Many developers also make the opt-out process as labor-intensive as possible. For example, OpenAI allows creators to remove owned or copyrighted images from their training datasets. However, they must submit a separate request for each image along with a description.As Business Insider pointed out, the Georgia O’Keeffe Museum would have to submit 2,000 separate requests in order to remove all her works. Even then, this opt-out only applies to future projects. 

Unfortunately, some of the best strategies for keeping your content away from AI training datasets can have major downsides. Setting your Instagram account to private will stop Meta and others from using the contents of your feed, but as The New Yorker points out, this comes at the cost of limiting your account’s reach. If Instagram is a vital component of your marketing efforts, that might not be a feasible option for you. 

When in doubt, it’s always a good idea to check the settings of each platform you use. If you look hard enough, there may be an option that will allow you to opt-out of having your content used for AI training. Be careful, though. Some companies use subtle tricks to make it more difficult for you to apply these settings. For example, Meta deliberately tries to steer you away from clicking the necessary link, and even if you do, you’ll have to provide them with personal information (and an explanation) in order to opt-out.

Future pathways: towards transparent and consent-driven AI

Many of these issues could be addressed through regulation, but this will be a tall order. It’s hard for governments to impose meaningful rules when the technology is rapidly evolving. And the borderless nature of the Web will make it hard to enforce national regulations since AI can still be weaponized by bad actors in other jurisdictions.

Some have hoped that AI developers can be persuaded to regulate themselves. For example, the British government is looking to establish a voluntary AI Cyber Security Code of Practice to promote best practices in the industry. But given how many different companies operate in the AI sector, getting everyone to adhere to a voluntary code of practice may well be like herding cats. 

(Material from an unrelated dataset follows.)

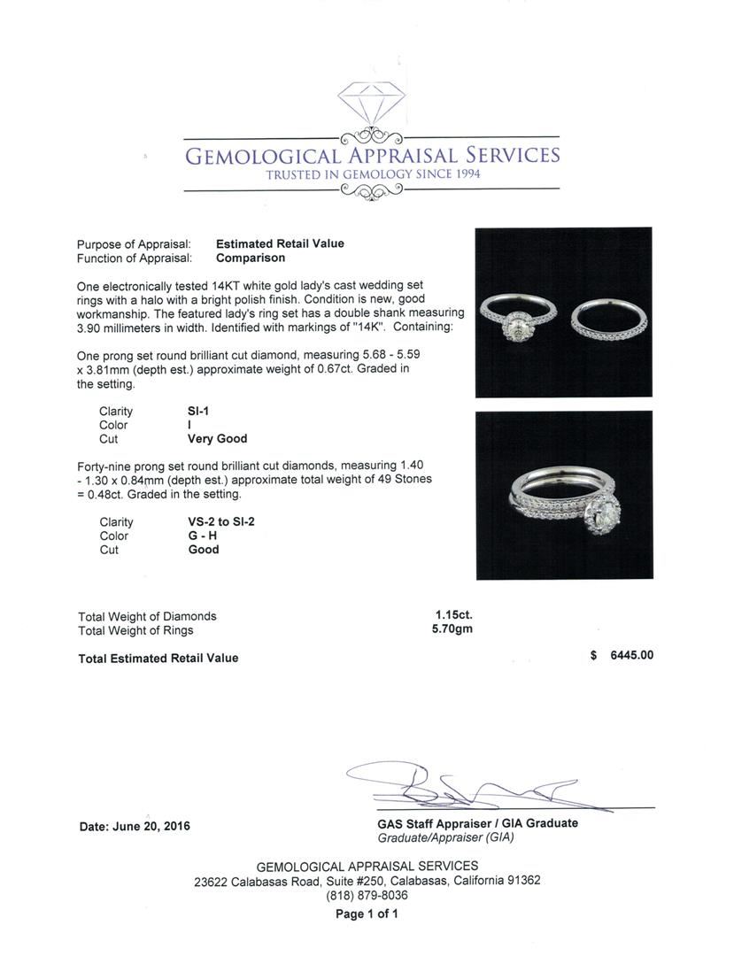 One electronically tested 14KT white gold lady's cast wedding set rings with a halo with a bright polish finish. The featured lady's ring set has a double shank measuring 3.90 millimeters in width. Identified with markings of "14K". Condition is new, good workmanship. Containing: One prong set round brilliant cut diamond, measuring 5.68 - 5.59 x 3.81mm (depth est.) approximate weight of 0.67ct. Graded in the setting. Clarity: SI-1. Color: I. Cut Very Good Forty-Nine prong set round brilliant cut diamonds, measuring 1.40 - 1.30 x 0.84mm (depth est.) approximate total weight of 49 Stones = 0.48ct. Graded in the setting. Clarity: VS-2 to SI-2. Color: G - Good. Total Weight of Diamonds 1.15ct. Total Weight of Rings 5.70gm GAS Appraised at $6,445.00.

Other stakeholders have come up with their own strategies to make AI training more ethical, including:

Coalition for Content Provenance and Authenticity (C2PA):

  • C2PA is developing technical standards to certify the source and history (provenance) of media content, aiming to combat misinformation and ensure transparency in digital media.
  • Website: C2PA Official Site

DECORAIT – DECentralized Opt-in/out Registry for AI Training:

  • DECORAIT proposes a decentralized registry allowing content creators to assert their rights to opt in or out of AI training, promoting transparency and consent in AI data usage.
  • Research Paper: DECORAIT on arXiv

A problem with few good solutions

AI training is a major ethical problem. Generative AI is embedding itself in our lives, yet it relies on massive amounts of existing content in order to function. Inevitably, this means that copyrighted or otherwise protected works are being used for training purposes even though the creators haven’t given their consent and may end up being hurt by this type of use. But while some companies have created ways for people to opt-out of AI training, these aren’t surefire solutions. Opting-out won’t matter if your content has already been used, and exercising this option can be an exercise in frustration as companies make the process as difficult and time-consuming as possible. Other solutions, such as setting one’s account to private, can have serious drawbacks that make them unrealistic in many situations. 

Illustration of colorful books on a shelf against a dark background.